Sahat mengatakan, para oknum membeli minyak goreng hasil kebijakan DMO (domestic market obligation) dengan HET dan dijual menjadi CPO maupun stearin berdasarkan harga pasar. Dari aksi tersebut, mendapatkan rata-rata margin sebesar Rp 8 ribu per liter.
Menurutnya, pabrikan pengguna CPO tidak bisa disalahkan lantaran tidak ada aturan yang melarang hal tersebut. Selain itu, Sahat berpendapat tidak ada aturan yang mengatur bahwa migor tidak boleh dinyatakan sebagai CPO maupun stearin.
"Penyaluran migor itu bocor karena dibeli dan declare sebagai CPO. Tidak ada UU yang melarang warna biru (migor) jadi hijau (CPO)," kata Sahat.
Sahat menilai, praktik ini muncul akibat disparitas harga antara CPO domestik dengan CPO internasional. Menurutnya, disparitas harga biasanya menjadi pemantik munculnya pasar gelap, seperti yang terjadi pada industri minyak sawit saat ini.
Kemendag telah menyalurkan 415,78 ribu ton atau 519,73 juta liter migor dari 38 produsen migor ke pasar atau 72,45% dari DMO yang disimpan pemerintah. Adapun konsumsi migor nasional per bulan hanya mencapai 327,32 ribu ton.
DMO merupakan syarat bagi eksportir CPO dan turunannya untuk mendapatkan izin ekspor. Pada 14 Februari - 8 Maret 2022, Kemendag telah menerbitkan 126 izin ekspor CPO dan turunnya sebanyak 2,77 juta ton untuk 54 eksportir CPO.

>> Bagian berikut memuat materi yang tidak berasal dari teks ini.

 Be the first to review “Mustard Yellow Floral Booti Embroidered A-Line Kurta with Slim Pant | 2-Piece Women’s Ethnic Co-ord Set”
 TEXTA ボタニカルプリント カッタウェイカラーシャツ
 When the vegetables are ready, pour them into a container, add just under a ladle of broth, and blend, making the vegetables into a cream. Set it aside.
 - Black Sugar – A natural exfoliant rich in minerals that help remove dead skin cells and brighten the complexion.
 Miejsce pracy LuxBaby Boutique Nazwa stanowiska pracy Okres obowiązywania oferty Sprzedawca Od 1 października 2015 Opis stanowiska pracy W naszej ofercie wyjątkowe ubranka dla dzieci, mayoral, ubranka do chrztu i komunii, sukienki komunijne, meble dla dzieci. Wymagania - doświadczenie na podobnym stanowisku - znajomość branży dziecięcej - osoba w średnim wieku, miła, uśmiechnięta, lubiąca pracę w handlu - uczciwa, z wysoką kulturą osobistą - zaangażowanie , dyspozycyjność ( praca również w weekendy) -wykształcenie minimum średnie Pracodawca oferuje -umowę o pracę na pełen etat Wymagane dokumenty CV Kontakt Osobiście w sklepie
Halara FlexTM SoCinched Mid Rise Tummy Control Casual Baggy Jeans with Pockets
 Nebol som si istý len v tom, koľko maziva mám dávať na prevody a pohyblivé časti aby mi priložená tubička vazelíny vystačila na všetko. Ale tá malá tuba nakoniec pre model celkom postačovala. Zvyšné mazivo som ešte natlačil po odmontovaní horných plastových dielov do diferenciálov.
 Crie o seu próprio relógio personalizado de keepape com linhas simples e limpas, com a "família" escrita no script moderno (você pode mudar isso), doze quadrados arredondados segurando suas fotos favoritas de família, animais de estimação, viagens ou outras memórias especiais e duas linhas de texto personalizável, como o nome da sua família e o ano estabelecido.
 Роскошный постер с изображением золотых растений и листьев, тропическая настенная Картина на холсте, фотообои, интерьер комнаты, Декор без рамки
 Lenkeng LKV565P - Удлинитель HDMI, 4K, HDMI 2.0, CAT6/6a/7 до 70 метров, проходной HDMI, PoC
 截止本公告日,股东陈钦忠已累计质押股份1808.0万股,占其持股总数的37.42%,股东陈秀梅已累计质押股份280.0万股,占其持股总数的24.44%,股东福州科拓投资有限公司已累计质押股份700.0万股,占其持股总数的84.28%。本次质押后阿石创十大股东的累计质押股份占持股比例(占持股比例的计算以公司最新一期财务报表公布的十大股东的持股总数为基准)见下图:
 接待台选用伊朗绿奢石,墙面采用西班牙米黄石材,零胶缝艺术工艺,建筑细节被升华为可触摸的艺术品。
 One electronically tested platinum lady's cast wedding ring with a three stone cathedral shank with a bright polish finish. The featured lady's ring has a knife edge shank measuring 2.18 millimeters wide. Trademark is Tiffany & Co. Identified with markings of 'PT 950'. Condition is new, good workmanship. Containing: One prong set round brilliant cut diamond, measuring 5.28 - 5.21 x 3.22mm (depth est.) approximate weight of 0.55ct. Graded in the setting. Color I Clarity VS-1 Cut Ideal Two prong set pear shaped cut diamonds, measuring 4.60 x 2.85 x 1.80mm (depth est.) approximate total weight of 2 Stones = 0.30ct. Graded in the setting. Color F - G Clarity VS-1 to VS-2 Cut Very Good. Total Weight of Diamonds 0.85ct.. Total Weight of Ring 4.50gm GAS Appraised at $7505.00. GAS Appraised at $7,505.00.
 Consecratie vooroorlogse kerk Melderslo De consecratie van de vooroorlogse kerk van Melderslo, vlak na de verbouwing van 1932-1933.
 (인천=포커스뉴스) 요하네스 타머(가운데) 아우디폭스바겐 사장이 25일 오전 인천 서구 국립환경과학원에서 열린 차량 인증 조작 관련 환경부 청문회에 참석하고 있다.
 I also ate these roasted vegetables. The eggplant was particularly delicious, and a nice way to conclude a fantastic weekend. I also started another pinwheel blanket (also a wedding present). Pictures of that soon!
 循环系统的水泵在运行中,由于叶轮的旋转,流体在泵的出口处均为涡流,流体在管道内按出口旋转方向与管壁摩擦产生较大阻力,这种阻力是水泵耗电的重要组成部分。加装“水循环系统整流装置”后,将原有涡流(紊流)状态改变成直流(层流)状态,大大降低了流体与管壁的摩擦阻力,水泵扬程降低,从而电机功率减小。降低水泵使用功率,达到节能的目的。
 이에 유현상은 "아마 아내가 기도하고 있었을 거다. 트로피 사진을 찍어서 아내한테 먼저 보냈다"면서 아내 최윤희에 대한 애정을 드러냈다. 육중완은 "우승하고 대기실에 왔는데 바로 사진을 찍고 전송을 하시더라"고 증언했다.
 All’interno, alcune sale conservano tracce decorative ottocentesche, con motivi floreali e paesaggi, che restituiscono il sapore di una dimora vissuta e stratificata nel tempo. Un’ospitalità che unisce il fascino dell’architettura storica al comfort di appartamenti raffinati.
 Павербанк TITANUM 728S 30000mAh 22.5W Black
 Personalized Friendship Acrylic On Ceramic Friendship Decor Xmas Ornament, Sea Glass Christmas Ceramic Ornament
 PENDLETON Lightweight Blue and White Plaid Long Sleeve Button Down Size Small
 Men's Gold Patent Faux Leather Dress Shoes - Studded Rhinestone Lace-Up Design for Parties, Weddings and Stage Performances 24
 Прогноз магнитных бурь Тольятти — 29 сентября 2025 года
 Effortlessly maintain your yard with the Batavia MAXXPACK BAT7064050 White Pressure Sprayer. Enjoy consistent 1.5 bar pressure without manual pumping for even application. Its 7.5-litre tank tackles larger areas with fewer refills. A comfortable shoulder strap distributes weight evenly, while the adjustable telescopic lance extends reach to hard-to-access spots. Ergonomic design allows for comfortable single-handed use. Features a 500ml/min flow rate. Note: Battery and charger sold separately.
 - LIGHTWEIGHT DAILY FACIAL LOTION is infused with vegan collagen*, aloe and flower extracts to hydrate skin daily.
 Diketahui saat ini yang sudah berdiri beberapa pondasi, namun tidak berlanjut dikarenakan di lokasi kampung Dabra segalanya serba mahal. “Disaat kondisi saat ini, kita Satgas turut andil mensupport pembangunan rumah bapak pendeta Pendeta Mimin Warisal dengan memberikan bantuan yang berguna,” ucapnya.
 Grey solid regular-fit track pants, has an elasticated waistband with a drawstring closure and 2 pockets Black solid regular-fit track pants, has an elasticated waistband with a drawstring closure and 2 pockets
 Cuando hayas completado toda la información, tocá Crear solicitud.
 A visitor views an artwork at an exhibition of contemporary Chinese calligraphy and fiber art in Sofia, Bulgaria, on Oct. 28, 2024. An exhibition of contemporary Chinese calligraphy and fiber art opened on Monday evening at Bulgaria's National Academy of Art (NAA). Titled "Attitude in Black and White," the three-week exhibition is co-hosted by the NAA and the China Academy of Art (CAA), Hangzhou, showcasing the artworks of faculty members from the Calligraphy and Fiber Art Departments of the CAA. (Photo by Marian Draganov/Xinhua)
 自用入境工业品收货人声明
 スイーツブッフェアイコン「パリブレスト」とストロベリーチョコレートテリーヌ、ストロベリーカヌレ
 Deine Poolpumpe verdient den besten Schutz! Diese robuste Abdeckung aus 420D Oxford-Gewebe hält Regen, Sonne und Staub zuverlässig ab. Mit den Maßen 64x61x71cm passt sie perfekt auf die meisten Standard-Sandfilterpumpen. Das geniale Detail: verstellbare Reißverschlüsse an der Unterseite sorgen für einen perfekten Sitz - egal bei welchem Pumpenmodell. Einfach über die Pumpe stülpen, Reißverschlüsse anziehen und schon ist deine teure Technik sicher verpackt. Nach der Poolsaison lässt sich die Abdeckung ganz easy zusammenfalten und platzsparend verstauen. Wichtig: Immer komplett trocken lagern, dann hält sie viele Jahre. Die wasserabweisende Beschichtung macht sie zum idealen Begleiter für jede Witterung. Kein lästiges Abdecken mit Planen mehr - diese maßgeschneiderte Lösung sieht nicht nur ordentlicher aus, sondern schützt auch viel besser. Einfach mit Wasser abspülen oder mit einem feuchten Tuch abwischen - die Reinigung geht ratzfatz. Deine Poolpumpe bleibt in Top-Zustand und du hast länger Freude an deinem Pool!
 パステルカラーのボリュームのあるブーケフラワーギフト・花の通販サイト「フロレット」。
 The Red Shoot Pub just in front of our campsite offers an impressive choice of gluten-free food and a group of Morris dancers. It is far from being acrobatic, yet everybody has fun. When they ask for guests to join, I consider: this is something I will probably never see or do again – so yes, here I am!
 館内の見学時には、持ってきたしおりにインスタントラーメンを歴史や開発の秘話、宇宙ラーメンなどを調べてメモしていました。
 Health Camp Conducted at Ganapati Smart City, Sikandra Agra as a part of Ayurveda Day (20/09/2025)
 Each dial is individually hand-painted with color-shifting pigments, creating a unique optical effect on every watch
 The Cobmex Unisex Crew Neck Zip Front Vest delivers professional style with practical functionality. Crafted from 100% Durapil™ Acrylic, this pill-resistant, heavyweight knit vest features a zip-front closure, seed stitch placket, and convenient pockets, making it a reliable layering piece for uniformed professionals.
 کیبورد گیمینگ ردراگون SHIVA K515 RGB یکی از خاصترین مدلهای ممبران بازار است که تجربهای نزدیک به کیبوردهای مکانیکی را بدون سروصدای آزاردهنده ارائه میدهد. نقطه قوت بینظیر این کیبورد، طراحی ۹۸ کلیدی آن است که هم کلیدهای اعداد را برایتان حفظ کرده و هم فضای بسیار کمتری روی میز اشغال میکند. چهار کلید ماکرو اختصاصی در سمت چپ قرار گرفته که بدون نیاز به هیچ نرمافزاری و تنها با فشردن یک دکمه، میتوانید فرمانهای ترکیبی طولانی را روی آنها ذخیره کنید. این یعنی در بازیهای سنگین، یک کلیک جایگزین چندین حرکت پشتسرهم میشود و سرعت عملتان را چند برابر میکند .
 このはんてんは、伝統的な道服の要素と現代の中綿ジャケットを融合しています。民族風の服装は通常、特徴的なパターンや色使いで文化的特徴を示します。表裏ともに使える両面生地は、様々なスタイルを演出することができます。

Kemendag mencatat empat produsen migor telah menyalurkan 268,37 juta atau 51,63% dari total migor yang telah didistribusikan. Keempat produsen tersebut adalah Wilmar Group (99,26 juta liter), PT Musim Mas (65,32 juta liter), PT Smart Tbk (55,18 juta liter), dan Asian Agri (48,59 juta liter).